5 months ago · 081da0aaa9
parent 243f66013f
commit 081da0aaa9
5 changed files with 501 additions and 0 deletions
--- a/codex_skills/README.md
+++ b/codex_skills/README.md
@ -25,6 +25,7 @@ Codex skills stored in-repo so they can be shared with the community. These are
 ## Skills

 - `homeassistant-dashboard-designer/`: Constrained, button-card-first Lovelace dashboard design system + YAML lint helper.
+- `homeassistant-yaml-dry-verifier/`: Home Assistant YAML DRY verifier to detect redundant triggers/conditions/actions/sequence blocks and suggest refactors.
 - `infrastructure-doc-sync/`: Session closeout workflow to update AGENTS/README/Dashy shortcuts/Infra Info snapshot consistently after infra changes.

 ### Notes
--- a/codex_skills/homeassistant-yaml-dry-verifier/SKILL.md
+++ b/codex_skills/homeassistant-yaml-dry-verifier/SKILL.md
@ -0,0 +1,65 @@
+---
+name: homeassistant-yaml-dry-verifier
+description: "Verify Home Assistant YAML for DRY and efficiency issues by detecting redundant trigger/condition/action/sequence structures and repeated blocks across automations, scripts, and packages. Use when creating, reviewing, or refactoring YAML in config/packages, config/automations, config/scripts, or dashboard-related YAML where duplication risk is high."
+---
+
+# Home Assistant YAML DRY Verifier
+
+Use this skill to lint Home Assistant YAML for repeat logic before or after edits, then refactor repeated blocks into reusable helpers.
+
+## Quick Start
+
+1. Run the verifier script on the file(s) you edited.
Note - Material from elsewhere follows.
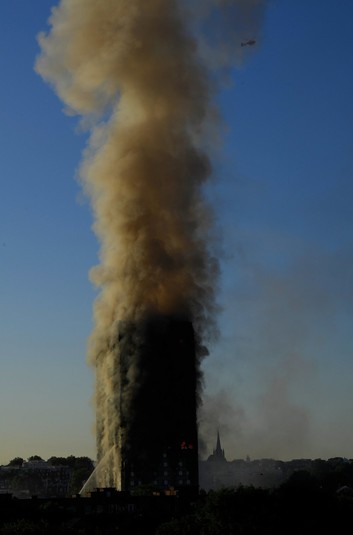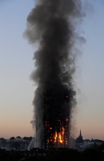 27-поверхова будівля спалахнула вчора вранці. Ніхто на останніх трьох поверхах не вижив. Вже відомо про 12 загиблих, але, за словами полійцейських, ця цифра може зрости до 50.

+2. Review repeated block findings first (highest confidence).
+3. Refactor into shared scripts/helpers/templates where appropriate.
+4. Re-run the verifier and then run your normal Home Assistant config check.
+
+```bash
+python codex_skills/homeassistant-yaml-dry-verifier/scripts/verify_ha_yaml_dry.py config/packages/life360.yaml --strict
+```
+
+Scan a full directory when doing wider cleanup:
+
+```bash
+python codex_skills/homeassistant-yaml-dry-verifier/scripts/verify_ha_yaml_dry.py config/packages config/automations
+```
+
+## Workflow
+
+1. Identify target YAML:
+- Prefer changed files first.
+- Include adjacent package/script files when the change might duplicate existing logic.
+
+2. Run verifier:
+- Use `--min-occurrences 2` (default) for normal checks.
+- Use `--strict` when you want non-zero exit if duplication is found.
+
+3. Prioritize findings in this order:
+- `FULL_BLOCK`: repeated full trigger/condition/action/sequence blocks.
+- `ENTRY`: repeated individual entries inside those blocks.
+- `INTRA`: duplicate entries inside a single block.
+
+4. Refactor with intent:
+- Repeated actions/sequence: move to a reusable `script.*`, pass variables.
+- Repeated conditions: extract to template binary sensors or helper entities.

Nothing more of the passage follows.